§ COLLECTED DATA
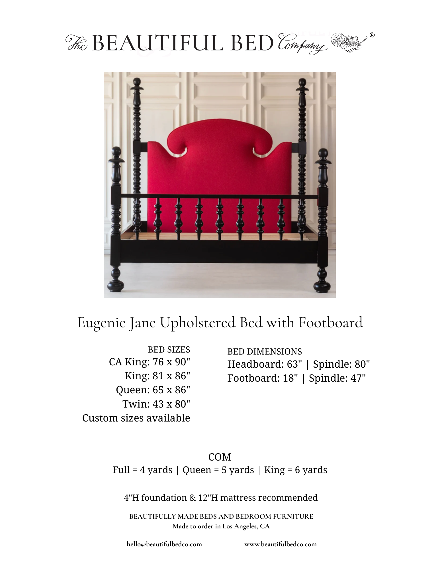 The Eugenie Jane Upholstered Bed with Footboard from The Beautiful Bed Company is simply WOW. This piece pays homage to American craftsmanship and peaks its cap to modern, farmhouse furniture. Each spindle is intricately turned by hand by our own artisans. Choose any fabric and paint or stain of your choice to further enhance the uniqueness and customization of your style. The Eugenie in a bright, fresh lacquer color makes this piece feel vibrant and contemporary with a traditional twist. See also our all wood version for a slightly more masculine option.
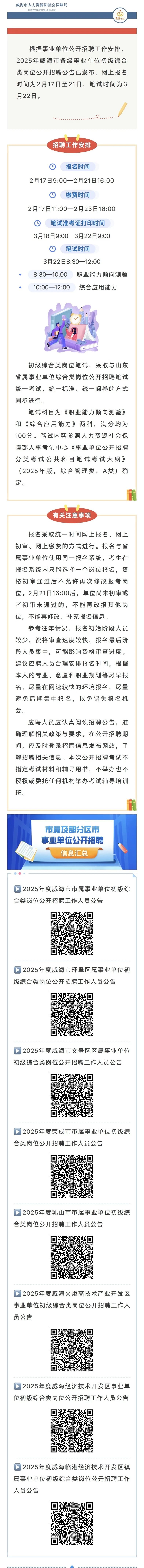 就业职通车|商学院2025届毕业生 2025年度威海市事业单位初级综合类岗位公开招聘公告
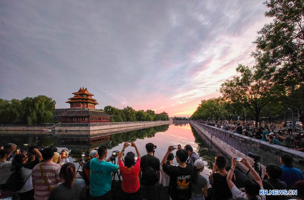 [신화망 베이징 7월21일] 20일 저녁 노을을 머금은 베이징 고궁 동북각루(角楼)를 촬영하는 사람들을 휴대전화에 담았다.
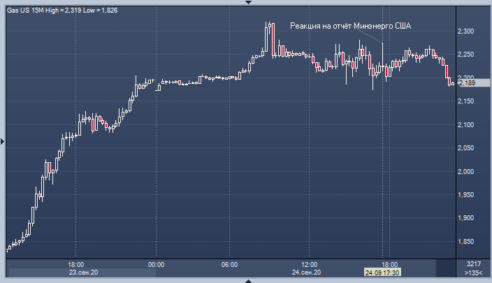 После впечатляющего рывка в ходе торгов в среду у быков на рынке газа в США остался порох в пороховницах — октябрьский фьючерс сегодня показал рост более чем на 5.5%. Впрочем, для торгов была характерна повышенная волатильность, а быкам, начавшим день с броска к свежим максимумам в районе $2.319 не удалось обновить их, несмотря на позитивный новостной поток, и к настоящему времени они ушли в оборону.

§ AIM OF THE EXERCISE
Write out the material above exactly, and omit the pictures it holds.

§ COMPLETED TASK
 The Eugenie Jane Upholstered Bed with Footboard from The Beautiful Bed Company is simply WOW. This piece pays homage to American craftsmanship and peaks its cap to modern, farmhouse furniture. Each spindle is intricately turned by hand by our own artisans. Choose any fabric and paint or stain of your choice to further enhance the uniqueness and customization of your style. The Eugenie in a bright, fresh lacquer color makes this piece feel vibrant and contemporary with a traditional twist. See also our all wood version for a slightly more masculine option.
 就业职通车|商学院2025届毕业生 2025年度威海市事业单位初级综合类岗位公开招聘公告
 [신화망 베이징 7월21일] 20일 저녁 노을을 머금은 베이징 고궁 동북각루(角楼)를 촬영하는 사람들을 휴대전화에 담았다.
 После впечатляющего рывка в ходе торгов в среду у быков на рынке газа в США остался порох в пороховницах — октябрьский фьючерс сегодня показал рост более чем на 5.5%. Впрочем, для торгов была характерна повышенная волатильность, а быкам, начавшим день с броска к свежим максимумам в районе $2.319 не удалось обновить их, несмотря на позитивный новостной поток, и к настоящему времени они ушли в оборону.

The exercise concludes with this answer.